Laila! has flourished more in the year leading up to her 19th birthday than some artists do in decades. The Brooklyn-based singer-songwriter and producer first broke through on TikTok with spacey viral ditties “Like That” and “Not My Problem,” showing her intrinsic ear for R&B’s current wave and its off-center potential. She quickly followed that with her purely DIY debut album, Gap Year!, which helped nab Tyler, the Creator and Solange as fans.
This wunderkind also happens to be the daughter of lauded East Coast rhymer Yasiin Bey, formerly known as Mos Def. But Laila! has another vocalist from a famous family on her mind when we speak over Zoom — one who also had to prove her star power to the world.
“Janet Jackson is someone that I admire so, so much,” she says. “Especially from her starting so young and making that transition into womanhood publicly. It’s a weird thing to have to do, but she was stunning and flawless at every stage and level of her career. That’s something that I definitely want to be able to do.”
Laila, who was born in 2006, notes R&B’s transition from gated reverb snares to more hip-hop-oriented sonics in the 1990s, citing Brandy, Aaliyah, and Lauryn Hill as influences. If the teenager were any older, she easily could’ve been a key player in the hip-hop soul movement of years past, but since she was raised decades after Jackson took Control, Laila! looks to the singer’s janet. album as a touchstone. Gap Year! has a similarly energetic and affectionate tone, intermingled with dreamy, television-inspired textures that cushion Laila! in a sweet spot of innocence.
“A lot of ’90s sitcoms were really special, and even ’80s sitcoms,” she says. “I remember always being kind of enthralled with the Full House intro. I feel like as a producer, when you listen to anything that has music, you kind of hear it in a different way.”
Tyler, the Creator has been a particularly important Laila! champion, even inviting her to perform at Camp Flog Gnaw last November. This month, she’s embarking on her first headlining tour, which hits 10 cities.
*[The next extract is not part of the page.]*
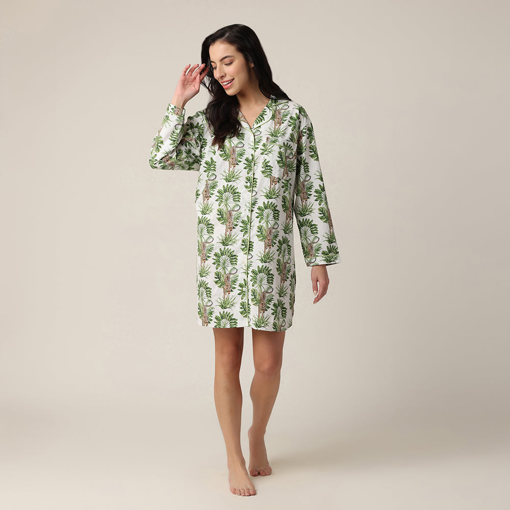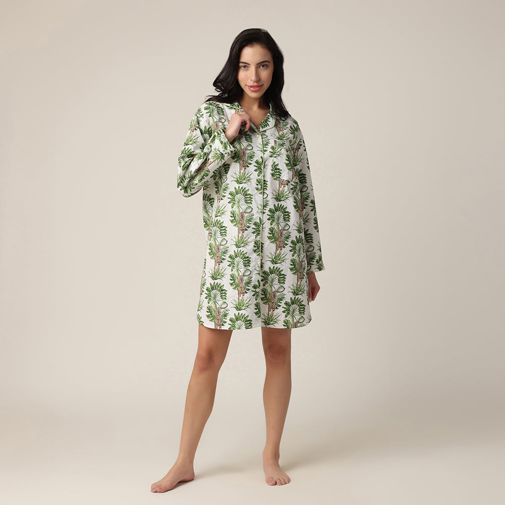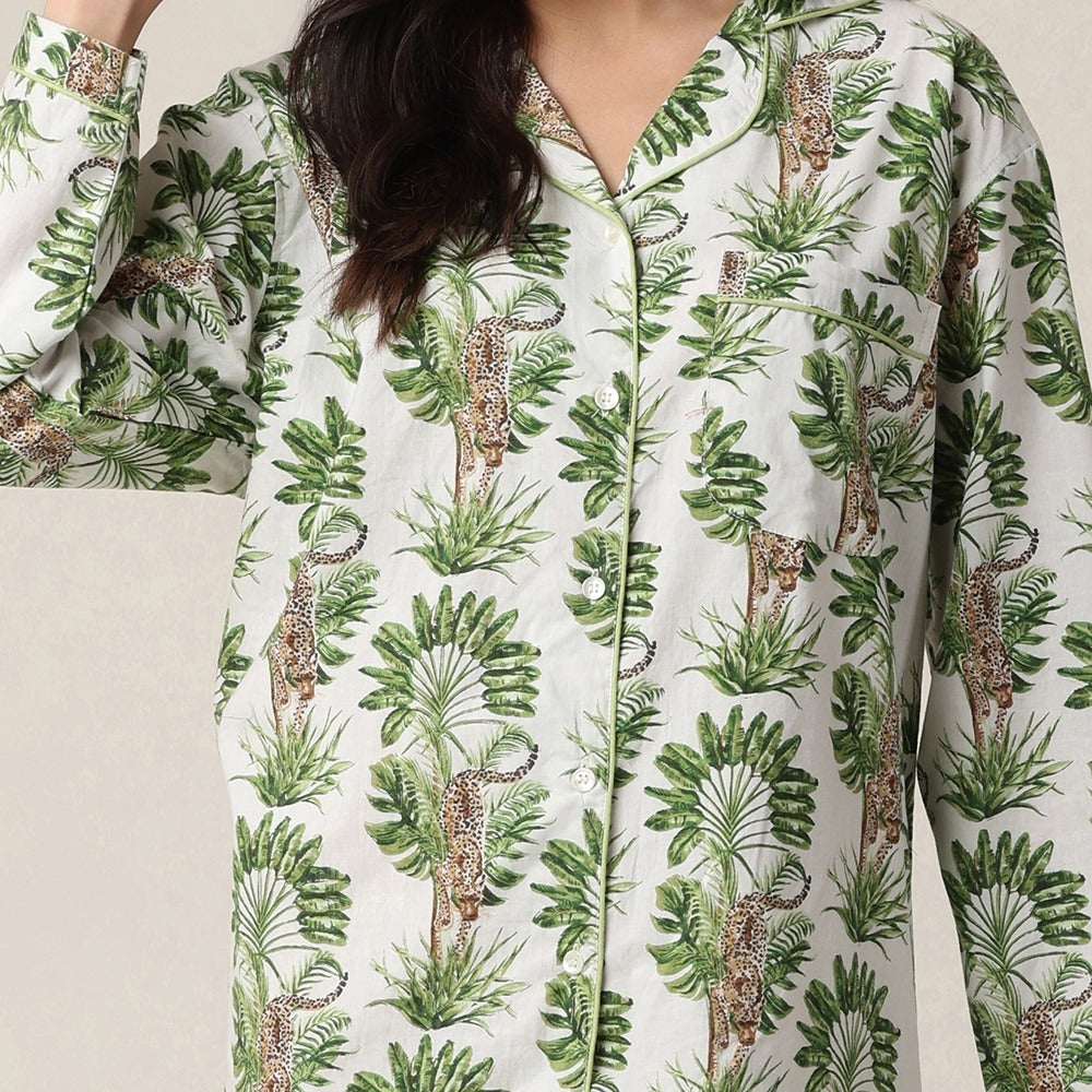 This playful print brings jungle vibes to life with curious leopards peeking through lush green palms—wild, fun, and full of adventure!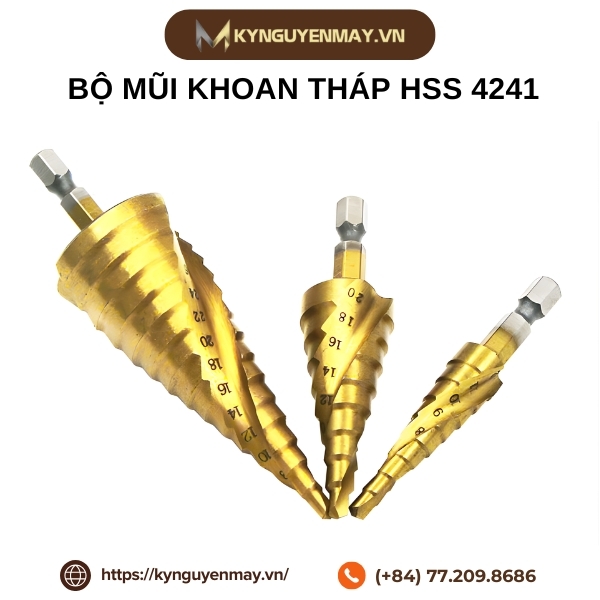 Bộ mũi khoan tháp HSS 4241 là lựa chọn lý tưởng cho các công việc khoan lỗ nhiều kích thước với độ chính xác cao và bề mặt gia công đẹp. Nhờ chất liệu thép gió HSS bền bỉ, sản phẩm đáp ứng tốt nhu cầu khoan trên nhiều loại vật liệu khác nhau, mang lại hiệu quả làm việc ổn định và lâu dài. Để được tư vấn chi tiết, quý khách vui lòng liên hệ Kỷ Nguyên Máy qua hotline: 077.209.8686.

Laila! recalls chatting with Tyler after she performed at his festival: “I was like, ‘Dude, this is crazy, I can’t believe how many people came to my stage.’ He was like, ‘Dude, you’re up. What do you mean you can’t believe how many people came to your stage?’ And I was just like, Damn, maybe he’s right. I was shocked the whole time.”
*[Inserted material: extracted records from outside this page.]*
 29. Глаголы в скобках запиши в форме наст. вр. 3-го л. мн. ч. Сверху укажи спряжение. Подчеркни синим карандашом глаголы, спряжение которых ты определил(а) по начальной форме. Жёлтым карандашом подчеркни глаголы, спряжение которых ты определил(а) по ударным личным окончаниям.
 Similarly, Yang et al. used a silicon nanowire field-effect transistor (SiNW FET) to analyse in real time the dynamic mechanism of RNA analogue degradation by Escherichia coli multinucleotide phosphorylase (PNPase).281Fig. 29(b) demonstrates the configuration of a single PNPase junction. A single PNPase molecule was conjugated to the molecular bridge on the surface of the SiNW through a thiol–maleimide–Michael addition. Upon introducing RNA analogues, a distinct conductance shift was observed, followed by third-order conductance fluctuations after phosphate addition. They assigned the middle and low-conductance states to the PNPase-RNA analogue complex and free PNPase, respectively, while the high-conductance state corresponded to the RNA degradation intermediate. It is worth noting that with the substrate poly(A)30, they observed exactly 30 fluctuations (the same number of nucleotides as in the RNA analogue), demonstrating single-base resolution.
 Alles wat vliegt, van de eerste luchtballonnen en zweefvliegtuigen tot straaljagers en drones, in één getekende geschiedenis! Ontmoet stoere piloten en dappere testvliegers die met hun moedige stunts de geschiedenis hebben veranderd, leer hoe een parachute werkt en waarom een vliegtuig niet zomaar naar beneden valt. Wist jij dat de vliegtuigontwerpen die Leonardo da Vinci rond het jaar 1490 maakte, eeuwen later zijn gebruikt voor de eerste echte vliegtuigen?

Although Laila! is still getting used to the attention being on her after years of beatmaking in her bedroom studio, she’s starting to see how much she has in common with her fellow artists. “As a kid, you kind of feel far removed from the people that you admire,” she says. “Not in a bad way, just in the scope of it and how big people seem. But then you’re like, ‘Oh my god, we really just love the same thing.’ I feel less like a little kid; I feel like I’m actually doing this and I actually care about it and that’s why I’m here.”
A part of why Laila’s here is her willingness to take a chance on her vocal and production skills, both of which she’s proud of. She’s used GarageBand since she was 14, and she has words of encouragement for other young musicians.
“Obviously, be open to learning, but also don’t let anyone cut off your creative instincts, ’cause those are the things that are going to make you grow,” she says. “Those are the muscles that you need to develop on your own as a producer to intuitively figure things out yourself.”
Laila! also slams the misconception that women aren’t behind the boards as much as they are in the recording booth. Solange has crafted rough sketches of songs on her iPhone, brought them to life during jam sessions and, separately, composed a New York City Ballet score. Janet Jackson, Lauryn Hill, and Mariah Carey have all received Grammy nominations for Producer of the Year, but as of 2025, a woman has yet to take home an award in that category. So when Laila! speaks on the possibilities of female producers like herself, she isn’t just referring to those following her path —she wants respect for her progenitors, too.
“I don’t think that girls aren’t interested in music production or that we’re not producers,” Laila! says. “I think we are; it’s just no one really sees it.”
She continues, “It doesn’t make sense that the statistics are saying that 96 percent of producers in the U.S. are male. There are so many women that are artists that are mainstream artists that people don’t even know are actually producers, as well.”
As if the artist nicknamed “Baby Genius” hasn’t accomplished enough at a tender age, Laila! tells me that she plans to record a Spanish-language album — something that her abuela, known to Gap Year! fans as Mami Nelly, can embrace.
“I don’t want people to forget that I am Dominican and I do speak Spanish — not fluently, but I’m getting there, OK?” she says. “I’m first-generation. It’s part of my culture and also part of who I am. I just want to be able to connect with as many people as possible, and Spanish is a beautiful language.”
Rather than trying to fit the mold, Laila! is poised to take her internet-savvy charm global by following her own instincts.
“Gap Year!, I wrote a lot of those songs when I was still 16,” she says. “So now, I’m not just a kid. I’m becoming a young woman, and that’s something to be celebrated.”